The lack of structure and accountability on a day-to-day basis in college classes, compared to what my high school classes were like, is why I was usually a good student at ABRHS despite all the gaslighting impairing my mental capacities, but an incredibly inconsistent college student, either maintaining a perfect semester GPA or going on a downward spiral and failing everything. In high school, I kept up with my homework and studying because people would notice right away if I didn't. On the other hand, in college, it's far too easy for me to fall slightly behind and, as a result, never catch up.
Part 2: Depersonalization
Depersonalization works in a similar way to dissociation, but it's your physical body rather than your surroundings or emotions that suffers a severed connection with your mind.
I don't currently experience depersonalization, but I frequently did when I was younger. I believe that that's why I had such bad body dysmorphia and developed an eating disorder starting when I was 14 that lasted until I was 18, although I remember obsessing over the size and shape of my body as early as at age 11.

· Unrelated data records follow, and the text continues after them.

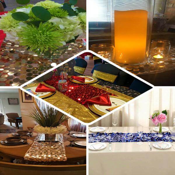 Big Payette Sequin 13"x108" Table Runner Iridescent Blue - Dazzling Design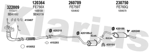 FORD FIESTA Skříňová/velkoprostorová limuzína (J5_, J3_) 1.3 - Výfukový systém - kompletní od 2/1996 do 8/2003, 1299 ccm, 44 kW, 60 hp, J4C, J4J, J4L, J4Q, J4R, J4T, Skříňová/velkoprostorová limuzína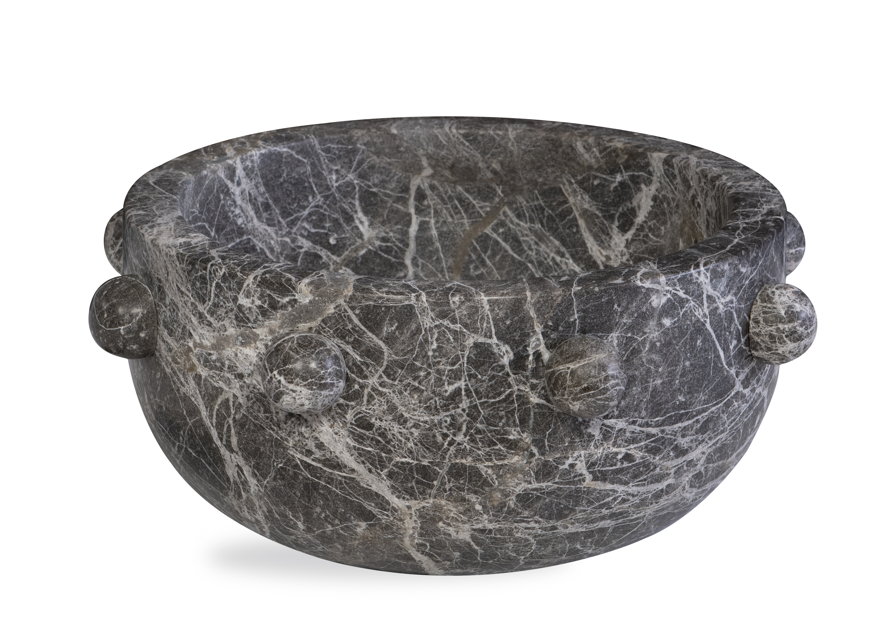 Echoing the artifact-like beauty of ancient vessels, this rounded stone bowl is adorned with polished brass studs that catch the light like scattered relics. The juxtaposition of its hand-textured surface and refined metallic accents evokes a sense of timeless craftsmanship — a modern ode to the ceremonial forms of antiquity. Both decorative and functional, it serves as a striking centerpiece or sculptural catchall.

The vast majority of adolescent girls and young women experience some level of body dysmorphia. It's rare for us to not be insecure about our bodies or have zero desire to look more like the images we see in advertising and pop culture. The difference between people who do and don't develop [long-lasting] eating disorders is that the latter group doesn't experience the truly debilitating body dysmorphia that follows from depersonalization and motivates you to starve yourself or binge and purge to lose weight, whereas the former group lacks the mind-body connection that you need in order to have respect for your body and not feel driven to destroy it.
Part 3: Derealization
Derealization is another complex trauma response. When you experience it, it's as if everything around you suddenly isn't real, like you're living in a simulation or a video game. I haven't experienced it in a while, but I remember derealizing fairly often when I was in high school. I would go into catastrophic thought spirals where I got incredibly confused over whether or not everything around me was actually real, or puzzled over how things like life, language, and consciousness can possibly exist.
I believe that I derealized so often due to wishing that everything was a simulation. I didn't want everything that I'd experienced to be real; I found a lot of solace in the idea that my entire life was actually just some kind of simulation or dream that I would wake up from eventually. Despite being so disorienting, derealization was comforting because of how painful it was to accept that this was indeed my life and I couldn't change anything about it.